VANCOUVER, BC, May 11, 2021 /CNW/ - TGS Esports Inc. ("TGS" or
the "Company") (TSXV: TGS) (OTC: TGSEF) (FRA: 5RH) is pleased to
announce the 2021 schedule for Get On My Line ("GOML"),
Canada's premier annual Super
Smash Brothers Tournament, proudly sponsored by Red Bull. GOML is going global in 2021 with
brackets for North American and European residents.
GOML 2020 attracted 3,000+ competitors and had five million+
minutes of content watched while GOML 2021 is tracking to surpass
those numbers with over 500 competitors registered in less than a
week.
The event trailer can be viewed here:
https://youtu.be/fo0ihlqESog.
"GOML is a staple of the fighting game community, and with each
passing year it shatters Canadian participation and viewership
records." Said Joe Cribari, CEO of
EMG. "We are looking forward to working closely with the TGS team
to deliver another world class event."
"As we work through our acquisition with EMG, we are excited to
work closely with Joe and his team to bring another record-breaking
year to the Super Smash scene." Said Spiro
Khouri, CEO of TGS. "This event is a big opportunity for us
to demonstrate the power of the combined EMG and TGS teams."
GOML Online Tournament Schedule
Super Smash Bros.
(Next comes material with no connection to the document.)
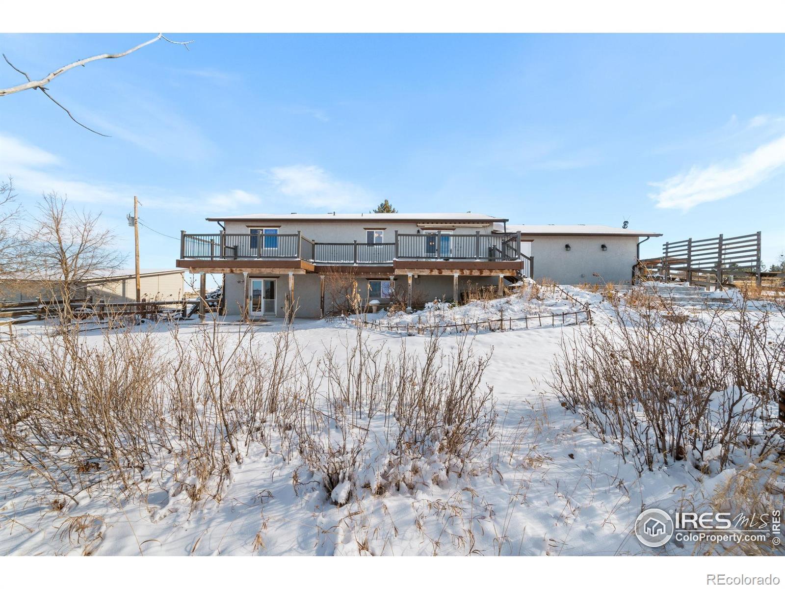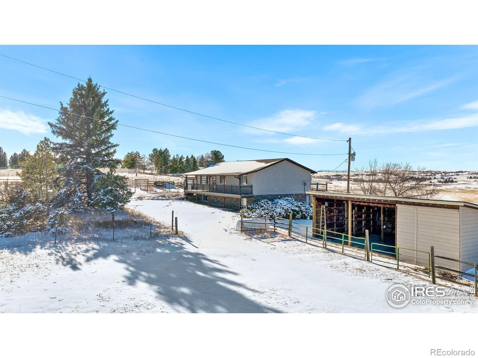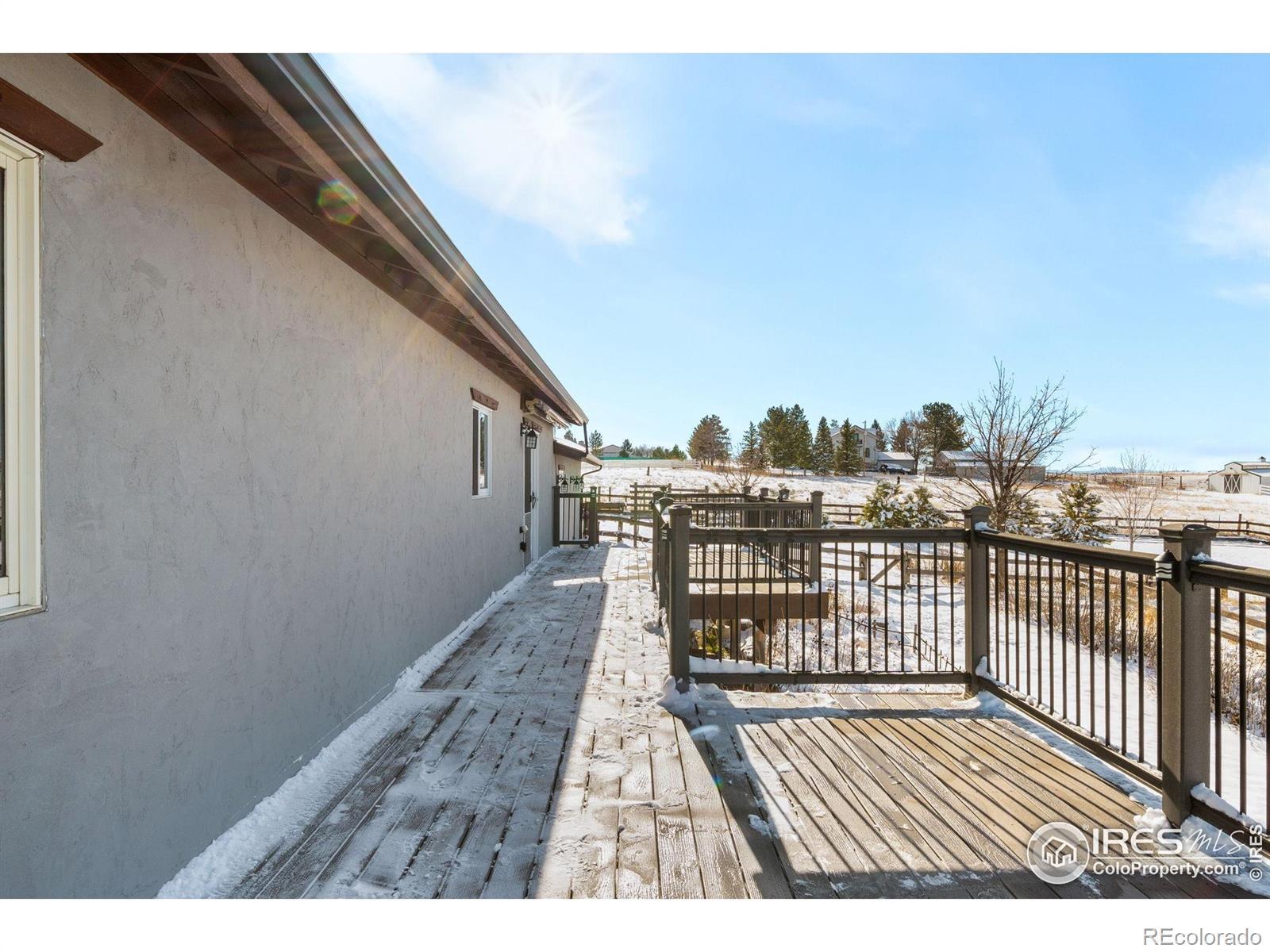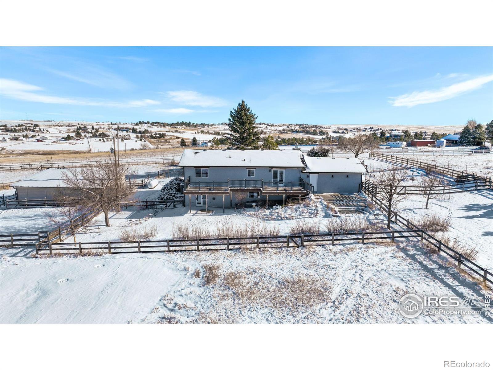 Situated on a peaceful 8.3 acres, this well-cared-for ranch home with a walkout basement offers a comfortable blend of function and rural living. The 4-bed, 3-bath layout is open and bright, with updated windows and doors, remodeled bathrooms, and a modern kitchen featuring induction cooking, solid wood cabinetry, and quartz countertops. Full-length composite decks in the front and back extend the living space and overlook the wide-open landscape and a large patio space lets you soak in the sunsets. The property is designed for equestrian use with three separate (no-climb) fenced pastures, a 3-stall Cleary barn with water and electric, a 24'x36' loafing shed, a corral, and a riding area ready for your round pen. An enclosed chicken coop, large garden with decades of enriched soil, and established native plant areas support a simple, productive lifestyle. Recent upgrades include a new impact-rated roof, enhanced attic insulation, new heat pump and AC, and a 50-gallon electric water heater. The walkout basement offers flexible living space with newer carpet and access to a concrete patio. RV parking, an insulated garage with a subpanel, and a dedicated dog run add to the outdoor perks. Adjudicated water rights (359 acre-feet) can transfer with the property, providing long-term value. Strong cellphone service and multiple internet options support work-from-home needs. You won't find another well-maintained acreage property with quiet surroundings, usable land, and a turnkey setup for horses-minutes from Parker at this price point.

Melee Singles (NA and EU) – June 19-20
Super Smash Bros. for Ultimate Singles (NA and EU) –
June 26-27
$1,000 prize pool for each main
event per region.
About TGS Esports Inc.
TGS partners with Fortune 500 brands, schools, and tournament
organizers to build out their esports community via tournaments,
broadcast production, and events. TGS has commercialized an esports
solution that allows brands and gamers to interact on its end to
end platform. The combination of TGS esports event expertise and
next generation software creates an unparalleled esports experience
that allows sponsors and brands to reach their desired gaming
demographic.
About EMG
Even Matchup Gaming (EMG) is Canada's premiere fighting game tournament
organizer & broadcaster. Founded in 2012, they have executed
300+ local, regional, and national events for the esports community
developing one of the strongest grassroots followings in the
world.
Summary of Acquisition
TGS will acquire all of the issued and outstanding shares of EMG
("EMG Shares") for the aggregate purchase price of CAD$1,100,000.00 (the "Purchase Price")(the
"Acquisition"); The Purchase Price will be paid via the issuance of
up to 5,500,000 common shares of TGS to EMG (the "Consideration
Shares") at a deemed price per share of CAD $0.20.
Joseph Cribari will enter into an
employment agreement with TGS providing that Mr. Cribari will be
employed with a title to be determined for a minimum period of two
years from the date of closing of the Acquisition with TGS.
The Consideration Shares will be subject to a contractual
lock-up, periods ranging between 24 and 36 months. The LOI
contains, and the definitive agreement will provide for, customary
representations, warranties and. Completion of the Acquisition
remains subject to a number of conditions, including: (i) the
negotiation of a definitive agreement, (ii) the completion of
satisfactory due diligence, (iii) the approval of the boards of
directors of the Company and EMG, (iv) obtaining all required
consents, waivers and approvals, including the approval of the TSX
Venture Exchange, and (vi) other customary closing conditions.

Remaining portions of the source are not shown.